Adding reboot actions to Amazon CloudWatch alarms

You can create an Amazon CloudWatch alarm that monitors an Amazon EC2 instance and automatically reboots the instance. The reboot alarm action is recommended for Instance Health Check failures (as opposed to the recover alarm action, which is suited for System Health Check failures). An instance reboot is equivalent to an operating system reboot. In most cases, it takes only a few minutes to reboot your instance. When you reboot an instance, it remains on the same physical host, so your instance keeps its public DNS name, private IP address, and any data on its instance store volumes.

Rebooting an instance doesn't start a new instance billing hour, unlike stopping and restarting your instance. For more information about rebooting an instance, see Reboot Your Instance in the Amazon EC2 User Guide for Linux Instances.

Important

To avoid a race condition between the reboot and recover actions, avoid setting the same evaluation period for both a reboot alarm and a recover alarm. We recommend that you set reboot alarms to three evaluation periods of one minute each.

To create an alarm to reboot an instance using the Amazon CloudWatch console
  1. Open the CloudWatch console at https://console.aws.amazon.com/cloudwatch/.

  2. In the navigation pane, choose Alarms, Create Alarm.

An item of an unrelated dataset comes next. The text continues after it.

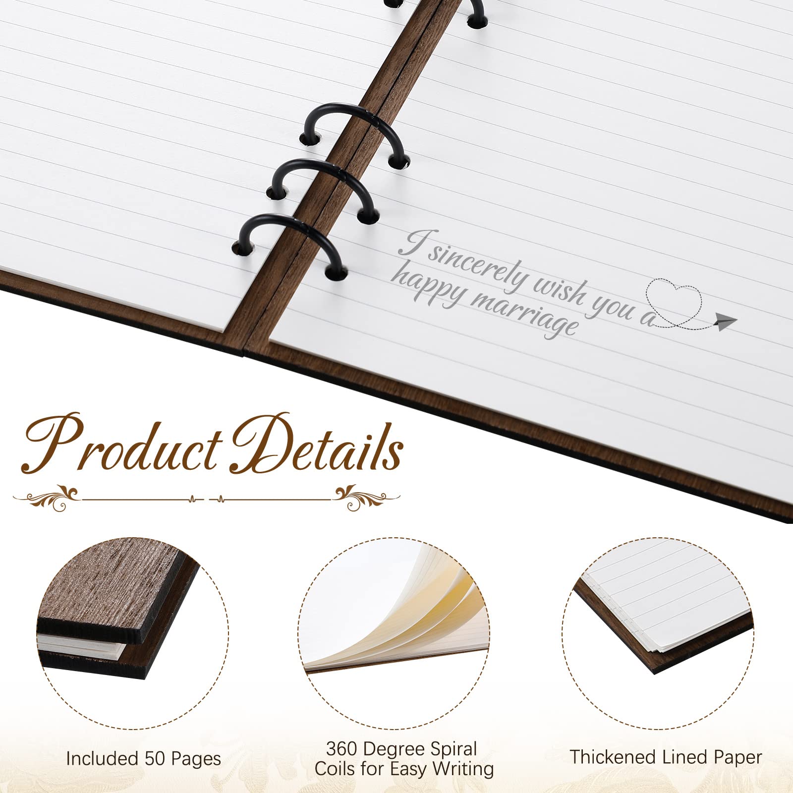 - Size Details: the rustic guestbook is about 7.2 x 10.24 inches/ 18.3 x 26 cm, these books are held in place by 360 degree spiral coils for easy writing and page turning, large enough for guests to leave messages; And you can also attach a photo of your wedding, making it an exquisite keepsake

  3. For the Select Metric step, do the following:

    1. Under EC2 Metrics, choose Per-Instance Metrics.

    2. Select the row with the instance and the StatusCheckFailed_Instance metric.

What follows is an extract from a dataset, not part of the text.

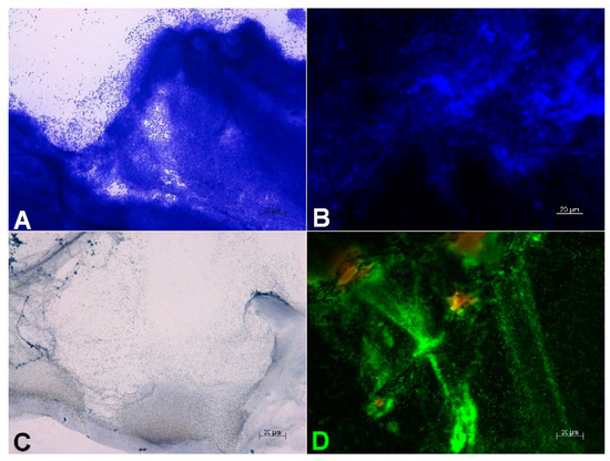 In Figure 3, microscopic images of the mature 3D biofilm model with P. aeruginosa are shown. Crystal violet staining (Figure 3A) for the visualization of bacterial cell walls and DAPI staining (Figure 3B) for the detection of bacterial DNA display a very dense bacterial growth in the mature biofilms. Gram staining of the 3D biofilm model with P. aeruginosa confirms the clustered growth of rod-shaped bacteria (Figure 3C). Staining with TOTO-1/SYTO 60 of the 3D biofilm model with P. aeruginosa shows a very active center of clustered biofilm growth (Figure 3D). Additionally, long strands of external DNA are visible, which are part of the extracellular matrix of the mature biofilm.

    3. For the statistic, choose Minimum.

    4. Choose a period (for example, 1 Minute) and choose Next.

  4. For the Define Alarm step, do the following:

    1. Under Alarm Threshold, type a unique name for the alarm (for example, Reboot EC2 instance) and a description of the alarm (for example, Reboot EC2 instance when health checks fail). Alarm names must contain only ASCII characters.

    2. Under Whenever, for is, choose > and type 0. For for, type 3 consecutive periods.

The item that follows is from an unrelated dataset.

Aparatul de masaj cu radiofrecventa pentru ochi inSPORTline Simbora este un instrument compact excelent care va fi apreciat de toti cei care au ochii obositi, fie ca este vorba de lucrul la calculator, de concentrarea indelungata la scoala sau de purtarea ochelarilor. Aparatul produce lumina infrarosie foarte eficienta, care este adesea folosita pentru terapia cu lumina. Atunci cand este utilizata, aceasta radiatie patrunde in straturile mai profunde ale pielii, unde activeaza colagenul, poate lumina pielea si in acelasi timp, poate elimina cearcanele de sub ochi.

      A graphical representation of the threshold is shown under Alarm Preview.

    3. Under Notification, for Send notification to, choose an existing SNS topic or create a new one.

      To create an SNS topic, choose New list. For Send notification to, type a name for the SNS topic (for example, Reboot_EC2_Instance). For Email list, type a comma-separated list of email addresses to be notified when the alarm changes to the ALARM state. Each email address is sent a topic subscription confirmation email. You must confirm the subscription before notifications can be sent to an email address.

    4. Choose EC2 Action.

    5. For Whenever this alarm, choose State is ALARM. For Take this action, choose Reboot this instance.

    6. Choose Create Alarm.

Adding recover actions to Amazon CloudWatch alarms

You can create an Amazon CloudWatch alarm that monitors an Amazon EC2 instance and automatically recovers the instance if it becomes impaired due to an underlying hardware failure or a problem that requires AWS involvement to repair. Terminated instances cannot be recovered. A recovered instance is identical to the original instance, including the instance ID, private IP addresses, Elastic IP addresses, and all instance metadata.

When the StatusCheckFailed_System alarm is triggered, and the recover action is initiated, you will be notified by the Amazon SNS topic that you chose when you created the alarm and associated the recover action. During instance recovery, the instance is migrated during an instance reboot, and any data that is in-memory is lost. When the process is complete, information is published to the SNS topic you've configured for the alarm. Anyone who is subscribed to this SNS topic will receive an email notification that includes the status of the recovery attempt and any further instructions. You will notice an instance reboot on the recovered instance.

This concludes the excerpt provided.